Exercise aim:
In the listing below, find the line with "Le dossier du" and copy every line from there up to and including the line with "فستان ميدي بياقة", exactly and without pictures.

Listed records:

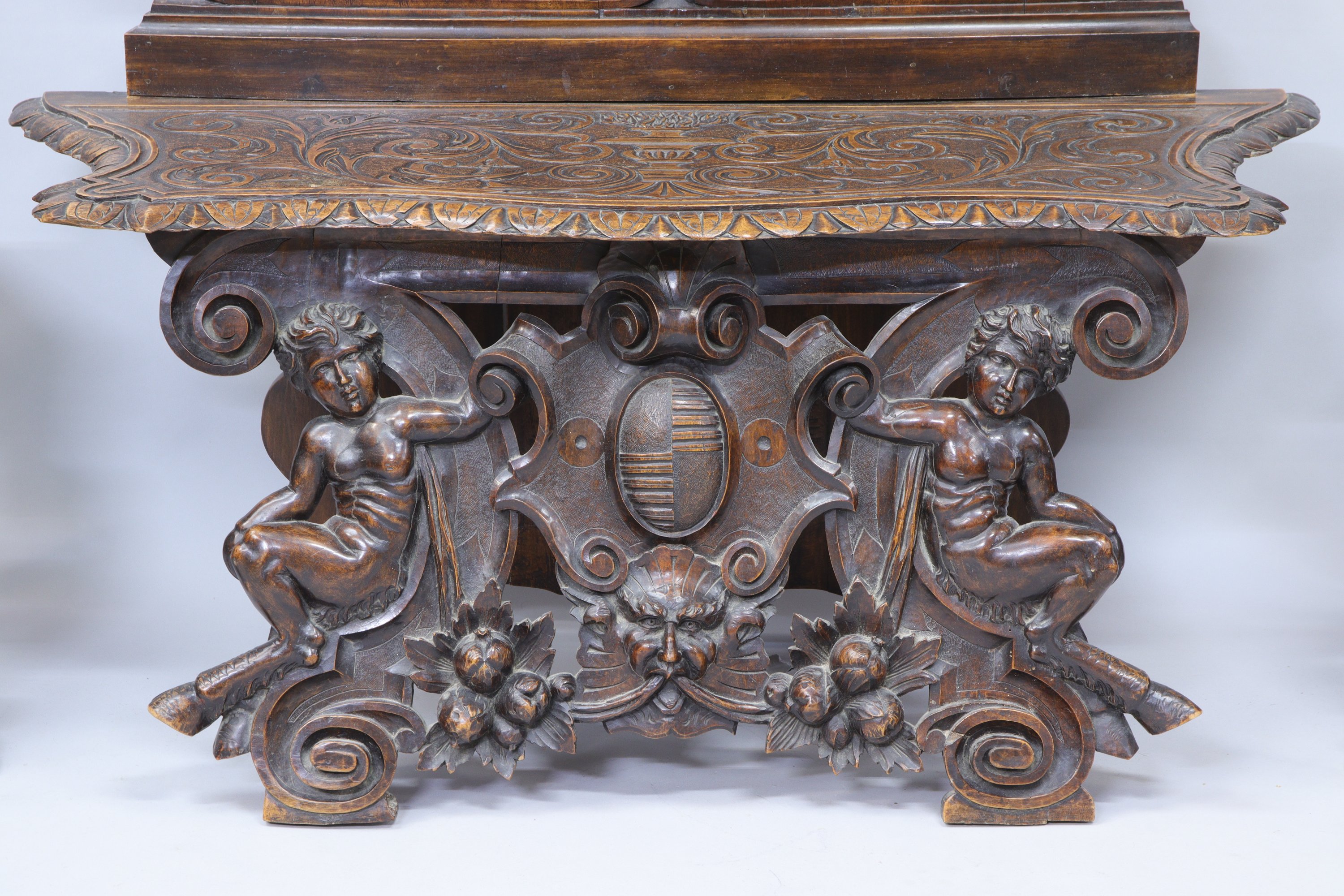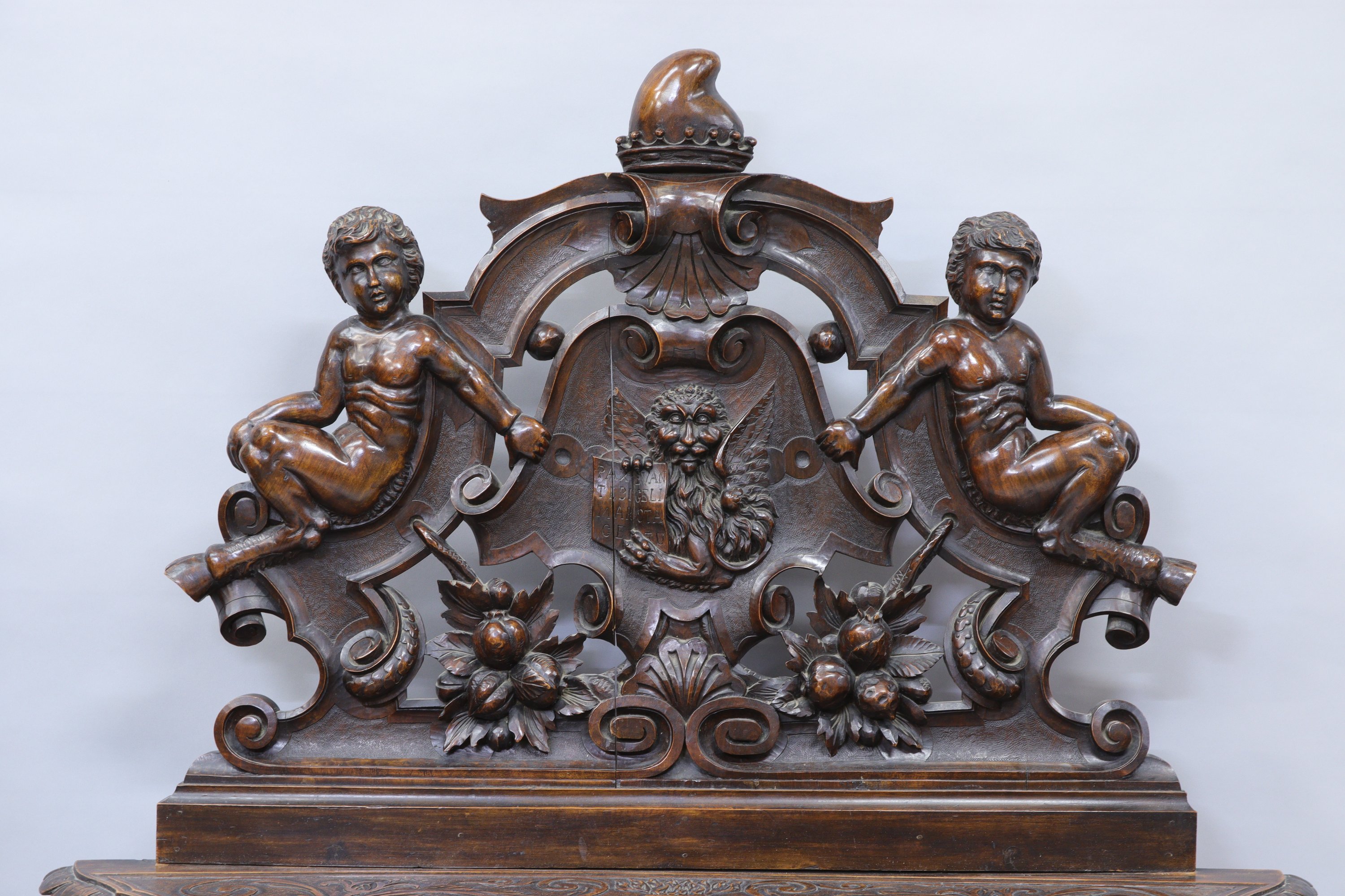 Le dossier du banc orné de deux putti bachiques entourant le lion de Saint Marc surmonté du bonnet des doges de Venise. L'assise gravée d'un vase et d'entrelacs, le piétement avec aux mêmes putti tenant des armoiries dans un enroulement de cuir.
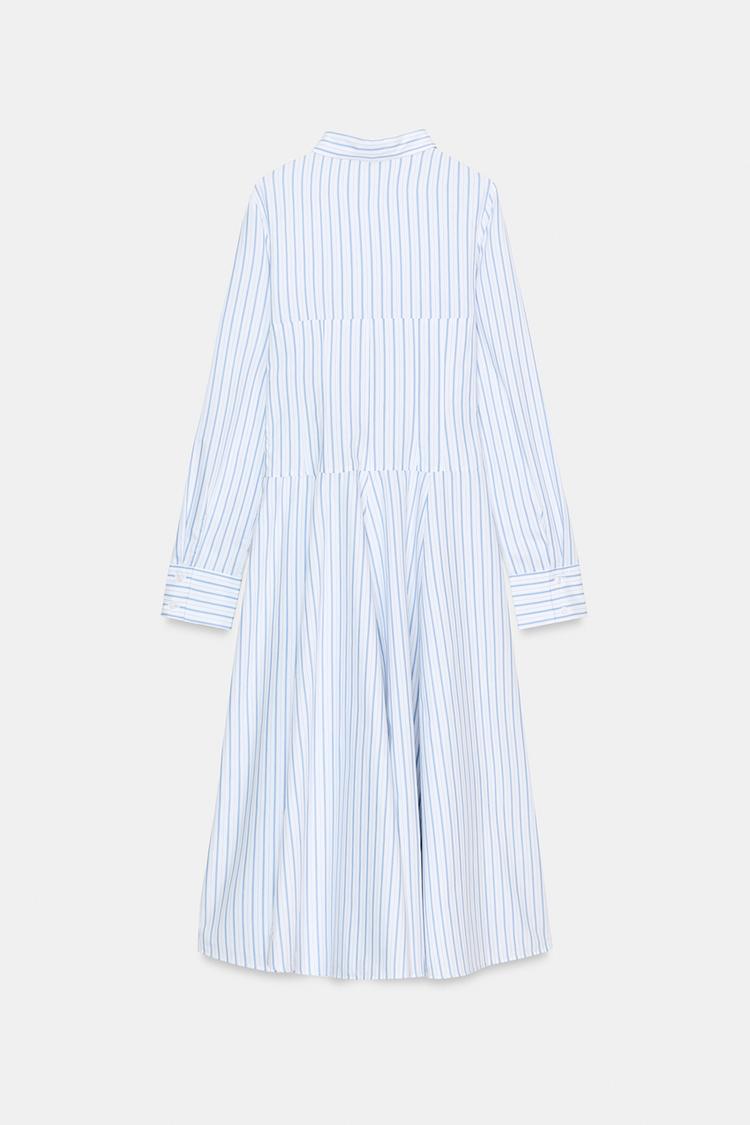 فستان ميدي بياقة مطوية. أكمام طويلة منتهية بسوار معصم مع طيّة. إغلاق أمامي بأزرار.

...

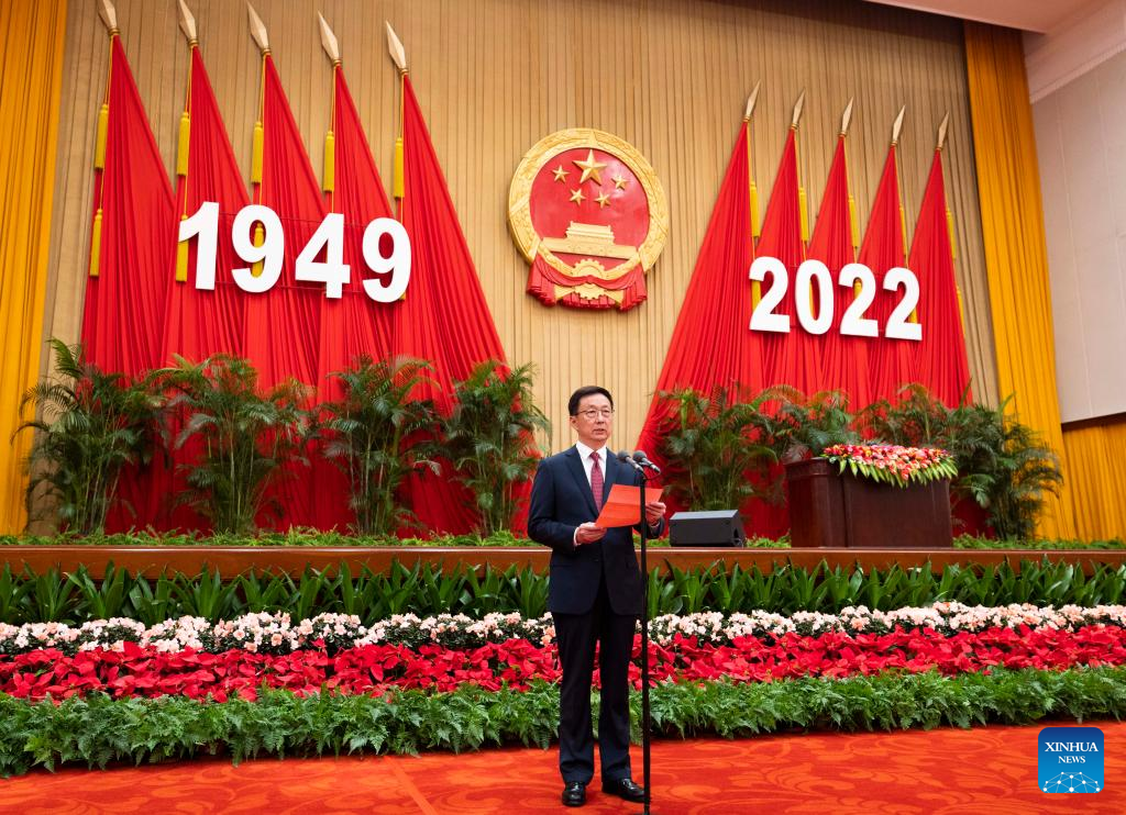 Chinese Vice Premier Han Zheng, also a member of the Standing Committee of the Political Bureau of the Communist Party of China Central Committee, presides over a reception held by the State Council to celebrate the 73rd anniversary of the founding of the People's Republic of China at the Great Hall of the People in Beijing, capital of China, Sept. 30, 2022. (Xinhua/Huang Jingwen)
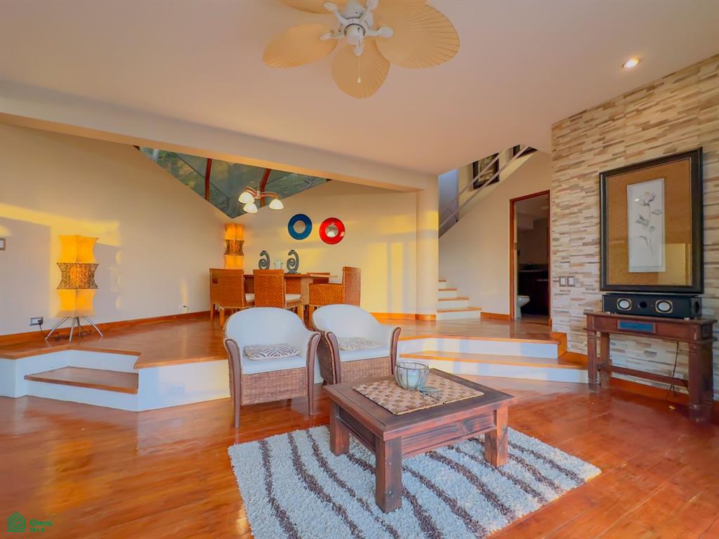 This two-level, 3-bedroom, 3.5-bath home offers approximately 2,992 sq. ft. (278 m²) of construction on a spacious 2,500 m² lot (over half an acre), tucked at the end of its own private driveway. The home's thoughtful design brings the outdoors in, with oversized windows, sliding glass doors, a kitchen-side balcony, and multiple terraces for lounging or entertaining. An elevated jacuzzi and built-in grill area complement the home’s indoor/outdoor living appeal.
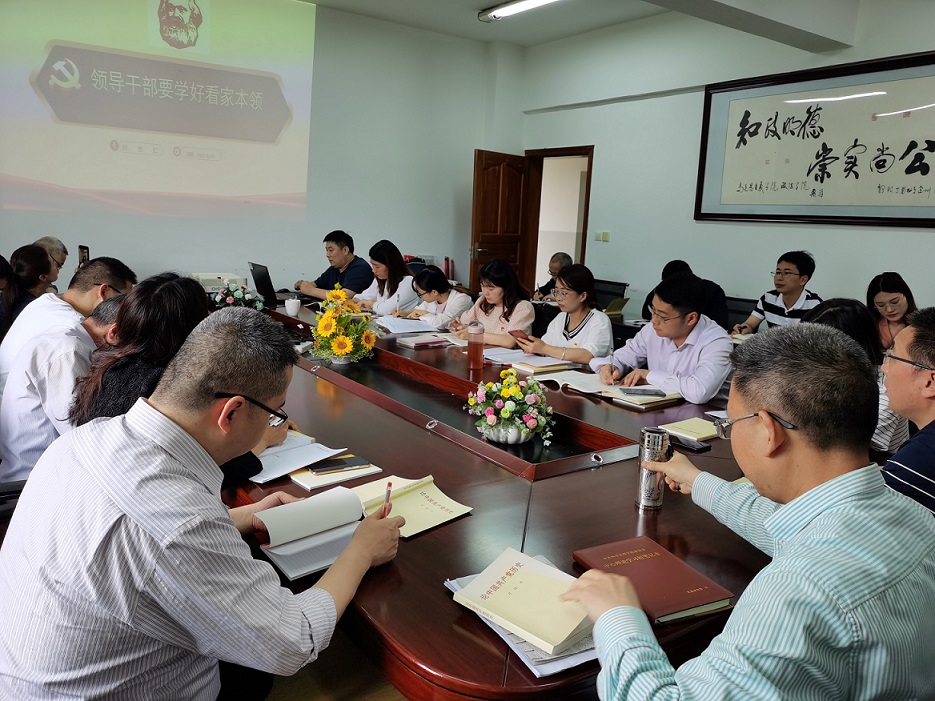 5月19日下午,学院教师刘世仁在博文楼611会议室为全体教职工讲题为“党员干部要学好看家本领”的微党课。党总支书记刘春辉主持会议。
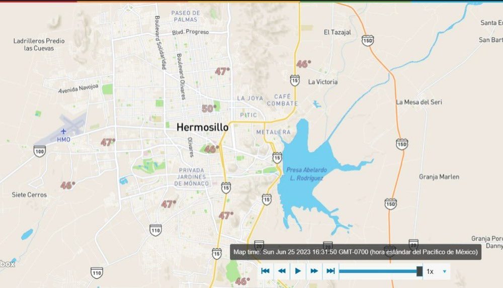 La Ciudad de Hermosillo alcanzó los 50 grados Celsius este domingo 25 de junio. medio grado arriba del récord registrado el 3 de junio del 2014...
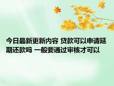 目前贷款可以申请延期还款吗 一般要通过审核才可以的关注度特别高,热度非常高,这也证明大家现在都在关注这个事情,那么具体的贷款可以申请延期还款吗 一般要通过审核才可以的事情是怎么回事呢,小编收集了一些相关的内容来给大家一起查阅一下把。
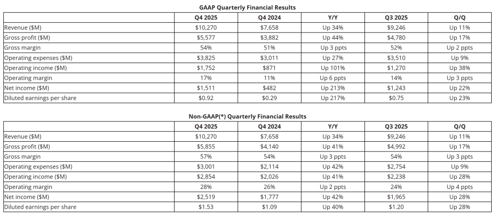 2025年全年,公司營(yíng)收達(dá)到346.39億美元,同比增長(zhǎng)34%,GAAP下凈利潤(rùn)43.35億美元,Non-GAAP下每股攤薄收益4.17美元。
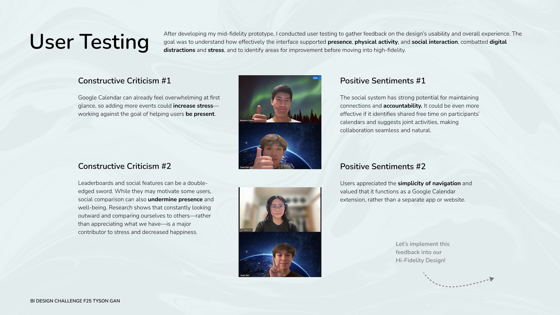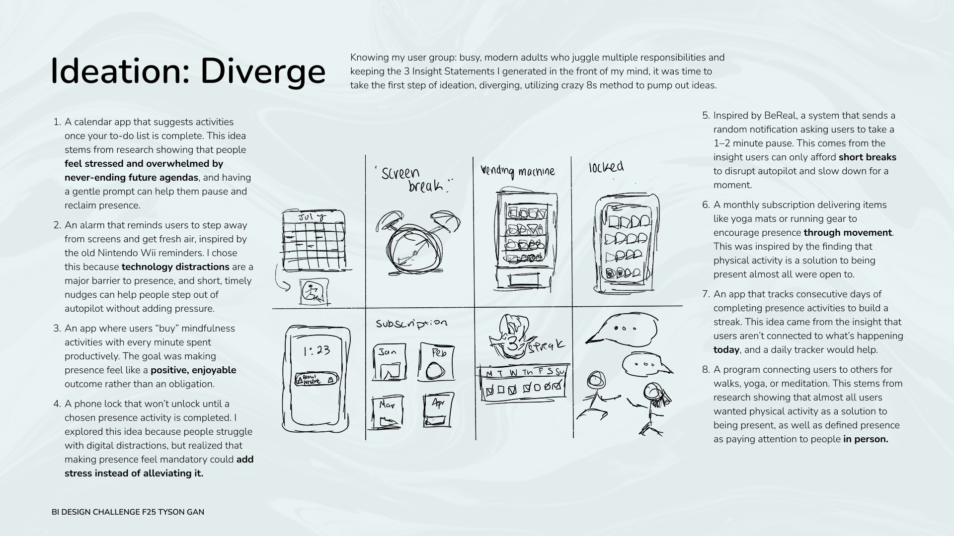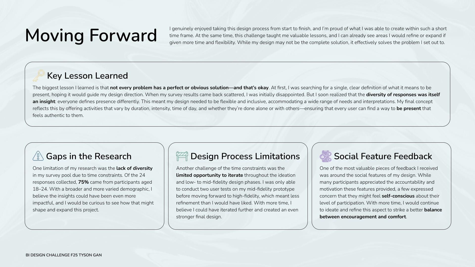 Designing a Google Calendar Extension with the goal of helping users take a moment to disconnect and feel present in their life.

...

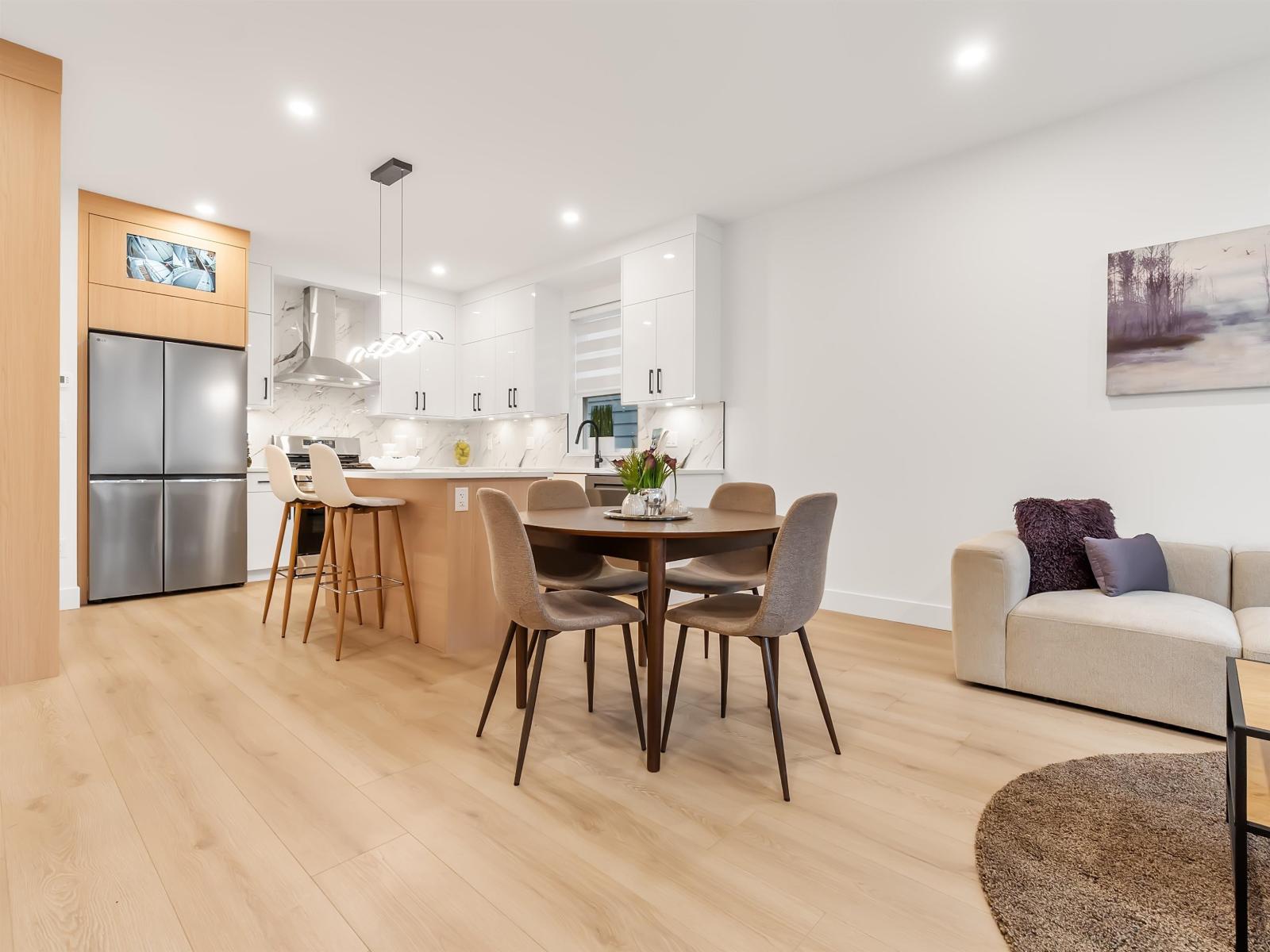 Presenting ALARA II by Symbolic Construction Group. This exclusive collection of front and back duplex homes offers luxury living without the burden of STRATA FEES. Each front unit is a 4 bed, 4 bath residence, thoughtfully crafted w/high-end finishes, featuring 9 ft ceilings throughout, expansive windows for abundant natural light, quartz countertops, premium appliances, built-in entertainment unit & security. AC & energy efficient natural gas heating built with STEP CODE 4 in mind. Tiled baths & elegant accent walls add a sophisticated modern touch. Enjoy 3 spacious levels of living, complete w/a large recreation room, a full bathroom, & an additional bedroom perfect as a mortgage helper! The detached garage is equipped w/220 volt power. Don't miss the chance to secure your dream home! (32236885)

Solution for this task:
 Le dossier du banc orné de deux putti bachiques entourant le lion de Saint Marc surmonté du bonnet des doges de Venise. L'assise gravée d'un vase et d'entrelacs, le piétement avec aux mêmes putti tenant des armoiries dans un enroulement de cuir.
 فستان ميدي بياقة مطوية. أكمام طويلة منتهية بسوار معصم مع طيّة. إغلاق أمامي بأزرار.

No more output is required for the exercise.